К полудню на тот берег прибыла первая кочевка. То­каш видел их, несчастных людей, путь которым на роди­ну закрыт атаманом Малышевым. Он с жаром вступил в перебранку с представителями погранохраны. Те стояли на своем: таков приказ...

Кочевники все прибывали и прибывали, к вечеру они обступили Коргас как пчелы улей. Город скрылся в пы­ли. Оттуда изредка доносились выстрелы.

Токаш измучился.

— Курыш! — обратился он к товарищу, лежащему около него лицом вниз.— Перейдем па ту сторону, попро­буем переправить их тем путем, которым шли мы.

Курышпай ничего не ответил.

— Почему молчишь? Не хочешь идти?

Курышпай рассмеялся. Токашу не понравился этот неуместный смех. Он строго посмотрел на друга.

— Тебе хочется опять занять почетное место в куль- джинской тюрьме?— Курышпай поднялся с земли.— Пойду я один.

— Пойдем оба.                                                          .

— Нет. Я пойду!

Вдвоем сев на лошадь Аянбека, они вернулись к ме­сту вчерашней переправы — проехали лесом, прячась от пограничников. Текес—река свирепая, да и воды в ней, кажется, прибавилось. Переправляться вдвоем на одной лошади все равно нельзя.

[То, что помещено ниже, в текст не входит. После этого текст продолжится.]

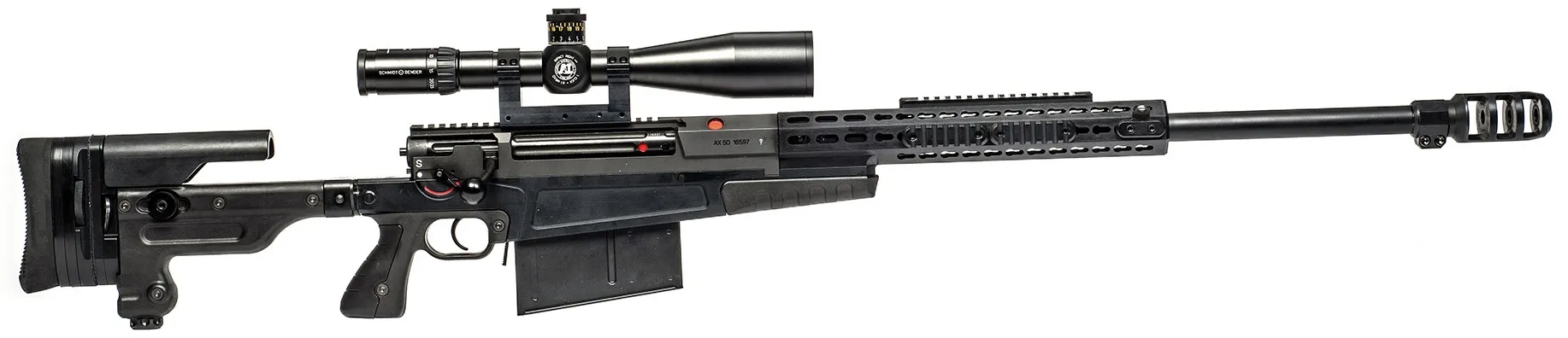 而AX50最早是在AX 338的基础上,扩大口径以发射.50 BMG(即12.7x99mm口径)子弹的反器材狙击步枪。AX50的尺寸与旧的AW50接近,但重量却大幅减轻,并且安装了大型的枪口制退器来降低.50 BMG弹药发射时产生的巨大后坐力。
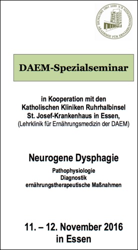 Da das DAEM-Spezialseminar „Neurogene Dysphagie“ im vergangenen Winter erfreulicherweise so erfolgreich angelaufen ist, wird es im kommenden November (11.- 12.11.2016) erneut in Essen stattfinden.
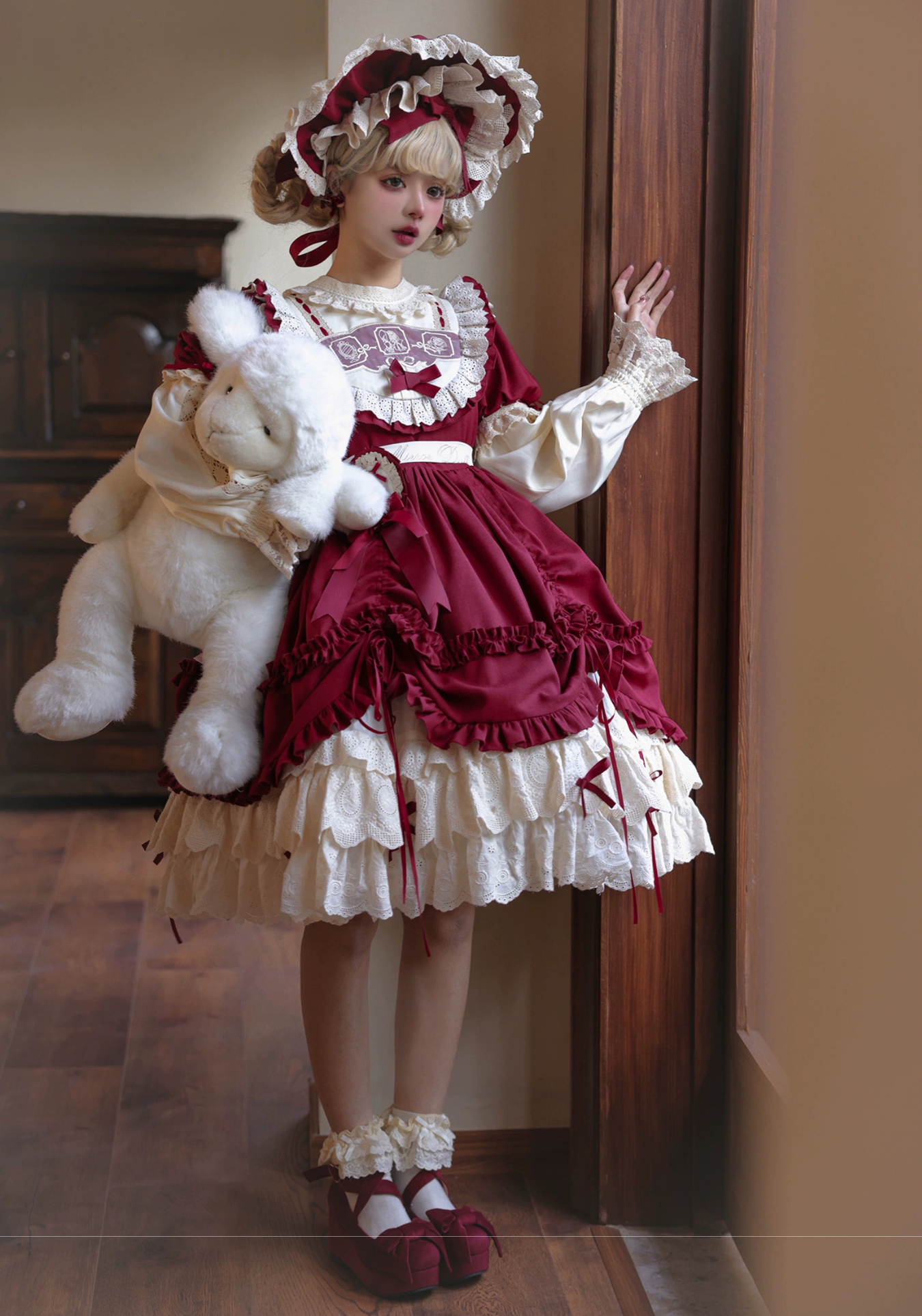 Ribbon Doll 3段フリルワンピースと付け袖 全3色

— Ну, Курыш, езжай один. Счастливого тебе пути!— сказал Токаш.

— До благополучной встречи! — они обнялись.

Конь фыркал, не хотел идти в реку. Курышпай огрел его нагайкой, серый бултыхнулся в воду.

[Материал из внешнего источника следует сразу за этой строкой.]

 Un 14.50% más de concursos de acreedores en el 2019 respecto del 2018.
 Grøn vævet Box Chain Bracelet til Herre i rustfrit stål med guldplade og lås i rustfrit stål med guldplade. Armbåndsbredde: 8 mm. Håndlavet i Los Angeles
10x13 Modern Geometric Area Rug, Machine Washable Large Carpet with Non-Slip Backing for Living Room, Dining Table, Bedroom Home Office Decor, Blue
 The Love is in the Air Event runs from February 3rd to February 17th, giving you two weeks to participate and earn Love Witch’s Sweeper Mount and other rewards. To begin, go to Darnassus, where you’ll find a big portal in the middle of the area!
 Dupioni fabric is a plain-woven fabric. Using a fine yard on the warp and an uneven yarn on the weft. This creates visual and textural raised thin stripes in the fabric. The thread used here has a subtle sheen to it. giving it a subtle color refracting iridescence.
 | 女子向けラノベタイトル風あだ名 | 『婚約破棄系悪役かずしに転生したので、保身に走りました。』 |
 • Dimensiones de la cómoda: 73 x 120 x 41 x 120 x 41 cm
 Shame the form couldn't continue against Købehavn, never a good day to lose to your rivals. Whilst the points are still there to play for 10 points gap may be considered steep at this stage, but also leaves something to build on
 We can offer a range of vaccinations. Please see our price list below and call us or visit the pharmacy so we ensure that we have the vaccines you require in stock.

Стемнело. Лес окутан мглой. Одна за другой стали появляться звезды.

Токаш сидел у скалы на камне, обхватив руками ко­лени,— он не сводил глаз с Курышпая, переплывающего реку. Хоть бы дозорные не заметили! Вот уже достигает берега. В темноте Курышпая не видно; белеет только голова и узкая полоса спины коня — похоже, плывет белая гусыня с выводком гусят позади. Не выстрелил бы кто, приняв за птицу. Нет, нет, откуда такие мысли! Вот уже переправился... Вышел на берег, выжимает одежду... Молодец, Курыш!

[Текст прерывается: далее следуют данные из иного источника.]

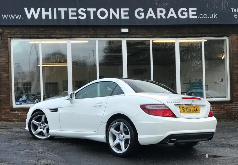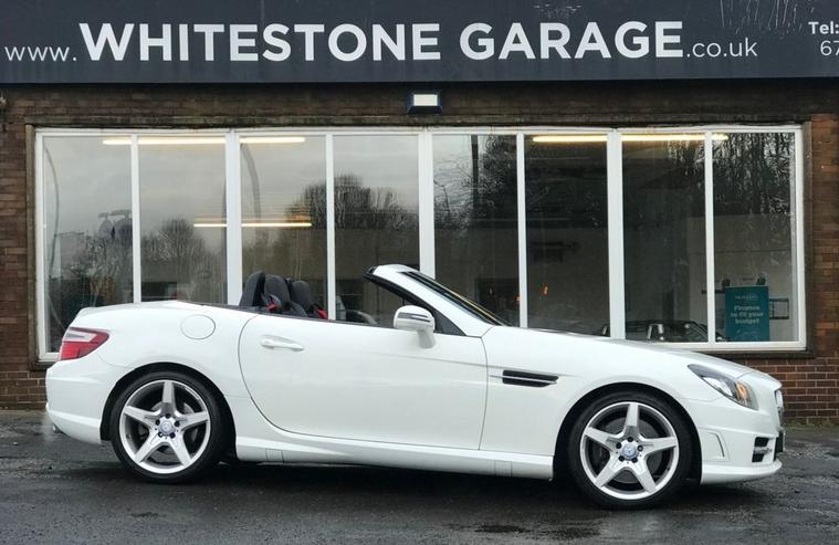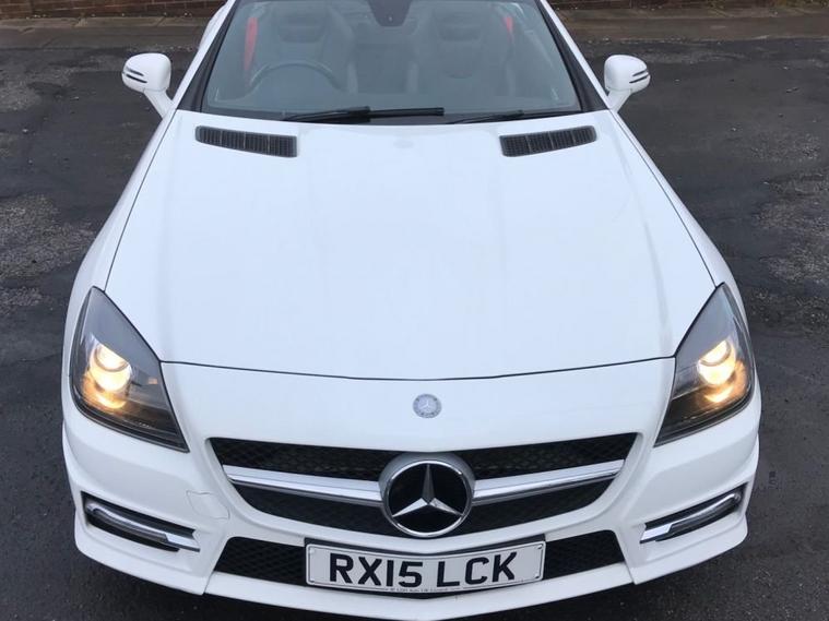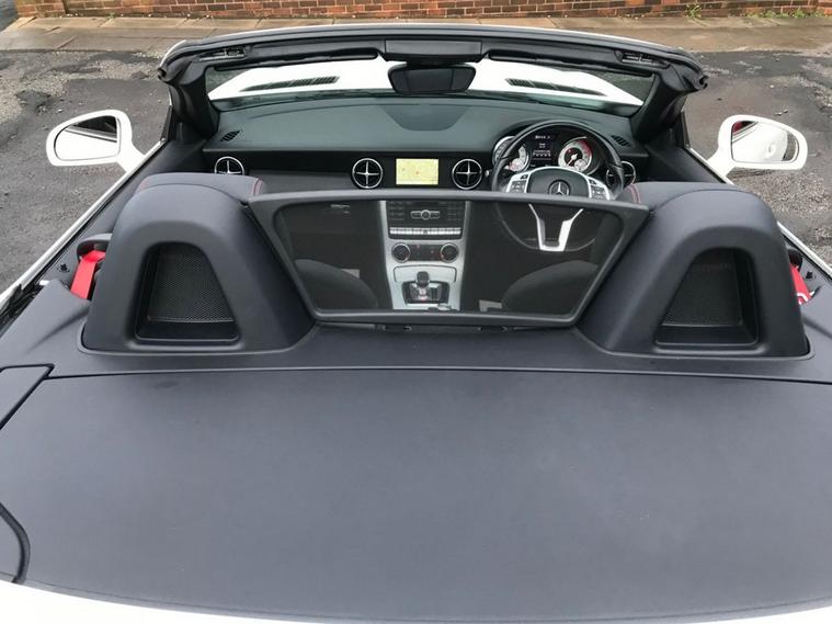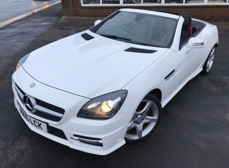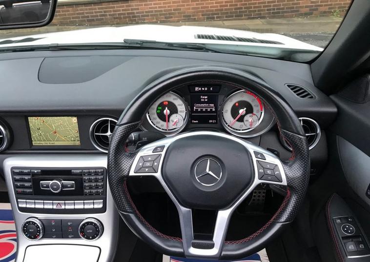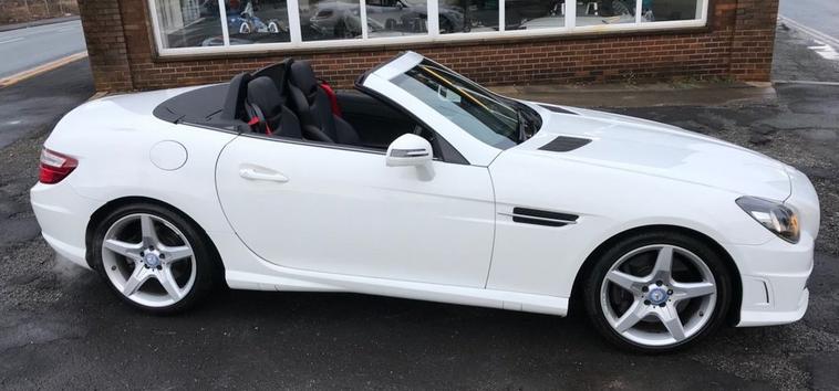 A rare 9 speed auto SLK with a top spec and only thirty five pounds a year tax, owned by a local lady for the past 8 years and serviced annually it has red seat belts, air scarfs, heated leather seats, wind deflector, cruise control, sat nav, bluetooth, air cond, AMG overmats, supplied with 2 keys and all of its original bookpacks a great drive and super economical.
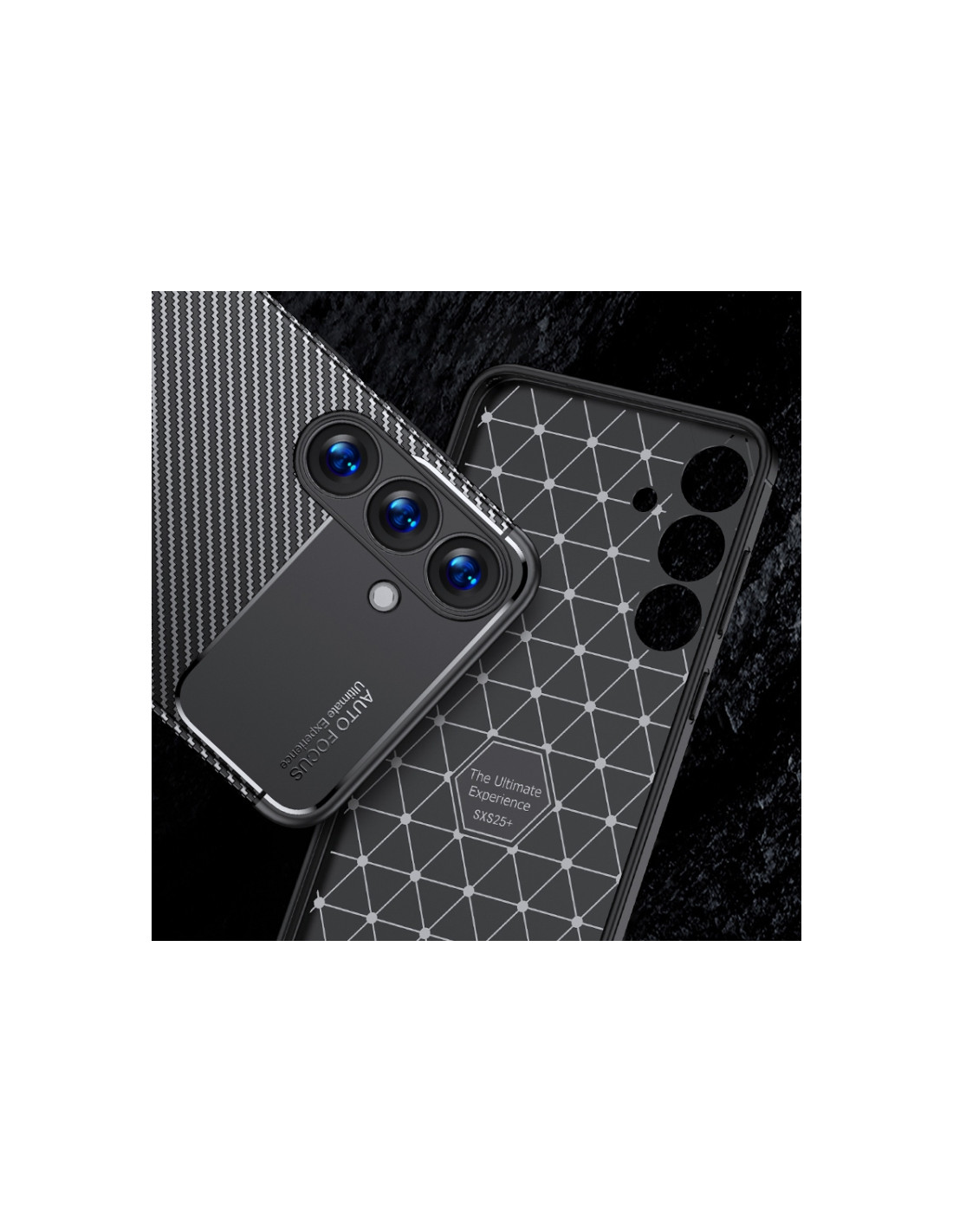 Cover antiurto Galaxy S25 Edge 5G in TPU con texture fibra di carbonio. Protezione robusta e design elegante.
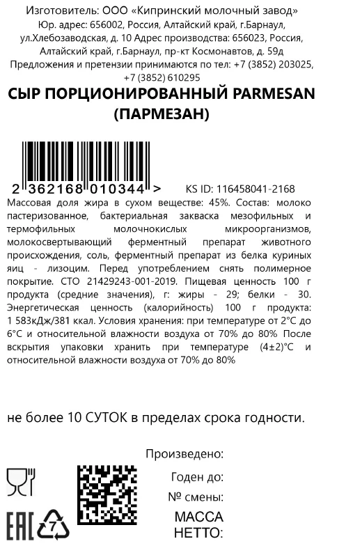 | Сорт | пармезан |

Токаш немного успокоился, мысли вернулись к родно­му Семиречью.

Значит, атаман снова вынул саблю из ножен. Где же сейчас Юрьев, Березовский, Саха? Атаман будет беспо­щаден. Семиречьем он намерен управлять по старым законам. Кто не согласен — того рубить...

Токаш облизывает губы — они засохли. С самого утра он в рот ничего не брал. Можно бы пойти вон в тот ближайший аул и подкрепиться. Этот аул, кажется, един­ственный, уцелевший после шестнадцатого года. Утром

Токаш купил там телегу и отправил Айгуль с Айнбеком домой. Люди все суровые, неразговорчивые. Может быть, поэтому и уцелели...

Токаш не ушел от реки, не сомкнул глаз, все ждал Ку рышпая. В полночь с той стороны тайком переправилось около ста семей беженцев.

21

Андрей Васильевич подошел к зеркалу, зачесал свет­лые волосы, в которых почти не заметна проседь. Ка­жется, он помолодел, выглядит здоровяком; на широкие плечи могли бы сесть по человеку. Атаман доволен со­бой; повернул голову направо и налево, посмотрел на свои эполеты, красующиеся на плечах: не отличить от генеральских, какие носил сам Фольбаум.

Настроение атамана было бы отличным, если бы не поведение дочери .

Последние дни он видит ее редко: Глафира с утра ухо­дит куда-то, говорит — в парк, а возвращается в пол­ночь. Объяснять отказывается. Петровна тоже ничего толком сказать не может.

Что если отправить Глафиру в Пишпек? Там живет ее дед, Нужно разлучить дочь с этим киргизом. Как бы она не связалась с большевиками. Избалованная, не следит за своими поступками. Эту мысль поддержала Петровна.

Утром Малышев пригласил дочь и объявил ей свое ре­шение.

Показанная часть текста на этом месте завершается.